Theoretical Foundations

The theoretical underpinning of Self-Harmony is rooted in the view-invariance principle. For semantically equivalent queries, correct answers should maintain consistent probability across different phrasing styles—this concept guides the pseudo-label selection using the harmonic mean. The harmonic mean operates as a principled regularizer, rewarding solutions robust to both semantic and syntactic variations, aligning with the Infomax principle to enforce representation consistency across distinct views.

Implementation Details

The practical application of Self-Harmony involves a structured self-play routine. A pre-trained model generates answers for both the original and reframed problems. Subsequently, the harmonic mean is used to identify the most stable answer as the pseudo-label, which is then reinforced through policy optimization. This process is designed to be efficient, reducing computational costs by merging reframing and answering into a single generative step.

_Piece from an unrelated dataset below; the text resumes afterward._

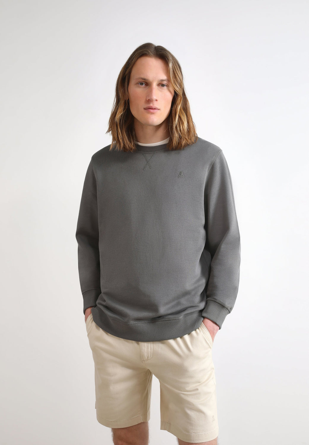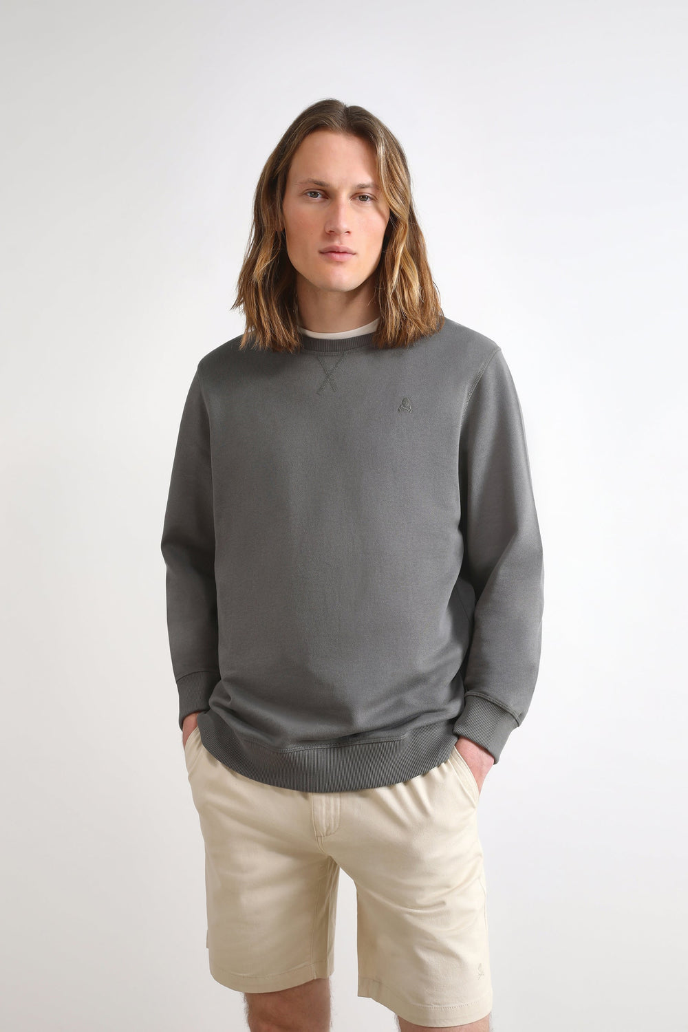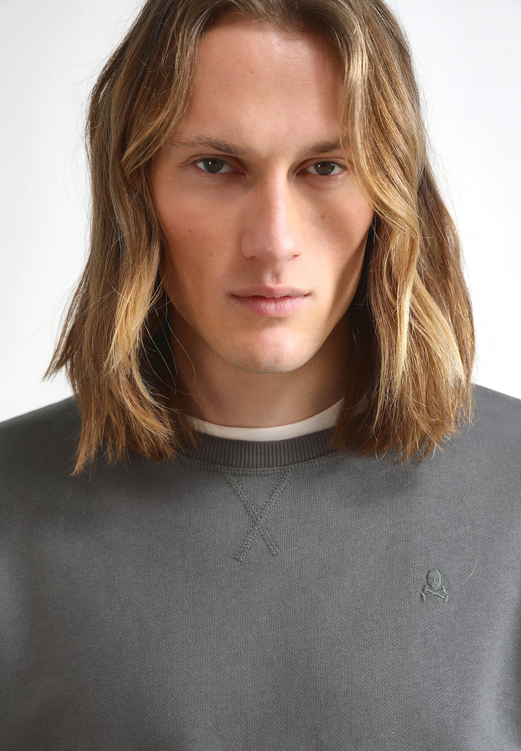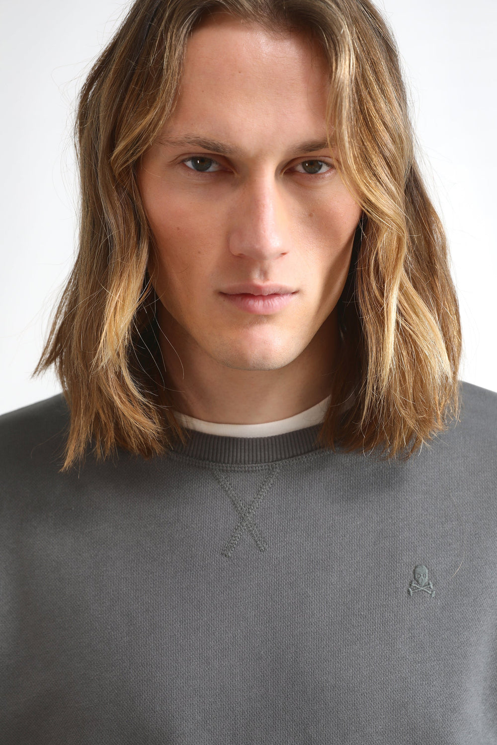 • Calavera bordada a tono en el pecho.

Algorithm (Conceptual Flow)

for t in range(T): for x in batch: y_rollouts = generate_rollouts(model, x) x_prime = reframe_question(model, x) y_prime_rollouts = generate_rollouts(model, x_prime) pseudo_label = harmonic_mean_selection(y_rollouts, y_prime_rollouts) model.update(pseudo_label)

This pseudo-code encapsulates the core iterative process of Self-Harmony, emphasizing the dual-question consistency through the reframing mechanism.

Experimental Results

Performance Metrics

The Self-Harmony framework demonstrates superior performance on several reasoning benchmarks, achieving state-of-the-art results in 28 of 30 test configurations. Notably, it markedly enhances the reasoning accuracy of models like Qwen3-4B and Llama-3.1-8B on datasets such as MATH500 and GSM8K, with improvements up to a lift of approximately 31% in some cases.

Robustness and Generalizability

The experiments reveal that Self-Harmony not only enhances accuracy but also provides robust training stability across diverse model architectures and problem domains. Its ability to generalize to different datasets and scale efficiently with model size makes it a versatile tool in TTRL applications.

Implications and Future Work

Self-Harmony's framework offers a scalable solution to the inherent biases of TTRL systems reliant on test-time adaptation without labeled data. Its self-contained mechanism aligns well with the goals of developing adaptive AI systems that require minimal supervision and demonstrate high adaptability to evolving problem settings. Future exploration could involve integrating this framework with other self-supervised learning paradigms to further enhance its efficacy and applicability across broader AI research domains.

Conclusion

Self-Harmony represents a substantive contribution to the field of test-time reinforcement learning, addressing critical limitations inherent in existing pseudo-labeling methods. Through a novel application of harmonic mean for pseudo-label selection and its innovative use of self-play, Self-Harmony advances the capabilities of LLMs in reasoning tasks, setting a new benchmark for state-of-the-art performance in TTRL frameworks.